LOTTOMIKE's avatarLOTTOMIKE


"it could be a 10 year old with a parents debit card"  says one lawmaker. its worries like this that get good things like this defeated.....

Todd's avatarTodd


"it could be a 10 year old with a parents debit card"  says one lawmaker. its worries like this that get good things like this defeated.....



Absolutely correct Lottomike.  It used to be that it was the parents' responsibility to keep certain things out of the hands of their kids.  Now the STATE somehow thinks they are the parents.  (I was going to add that that concept is at the heart of liberalism, but I won't do that.)

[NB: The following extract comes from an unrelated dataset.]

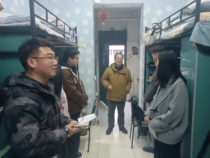 公司党政主要负责人崔晓霞、洪亮分别于2月26日和3月1日在辅导员的陪同下走进员工宿舍,与同学们面对面交流,详细了解大家近期的学习、生活、考试、就业等相关情况,并提醒同学们做好寝室的消毒、卫生工作,做好个人健康防护,养成良好的生活习惯。

Message from me to the state government:  I personally could care less if some parent out there wants to be clueless enough to not only let their 10 year old get access to the Internet, much less get access to their credit card.  Let the parent deal (or not deal) with that, and stop using that kind of excuse to limit my freedoms.

jim695

"Money these families need to pay for groceries, the light bill or the rent could be wasted on the lottery instead, the two agreed."

 




If their budgets are that tight, the odds are very good that they won't have a computer, internet access or a credit card. Besides, what's going to keep all those nasty poor people from walking down to their local 7-11 and spending that money on lottery tickets in spite of the lawmakers' opinions? What's going to keep that ten-year-old from glomming onto Mommy's ATM card and jumping headlong into a $300 online Texas Hold 'Em tournament?

 

We jumped the track a few miles ago, I'm afraid. Our legislators are straying farther and farther from their roles as representatives of our collective voice, and are exerting more and more control over the choices available to us. If a special interest group or a political lobby doesn't like something, the blanket solution is to pass a law against it. This by no means lessens the frequency of the imagined offense, but simply makes the act itself illegal, which will cause one of two possible results: either the state coffers fill up more quickly, or the state prisons fill up more quickly, and they don't care which way it goes, since they can capitalize politically on either outcome. 

I'm sure another state will pick up the ball. Several years ago, the Delaware Lottery had a game which allowed players to bet on NFL football games, called the Delaware Sports Lottery. The NFL lost a lawsuit they filed to ban this type of betting, but the game was discontinued anyway after just a few weeks. Several years later, Oregon's lottery did the same thing and made it work. As far as I know, you can still bet on your favorite professional sports teams via lottery terminal in Oregon. Buying tickets online is the next logical, and inevitable, step for the lottery industry.  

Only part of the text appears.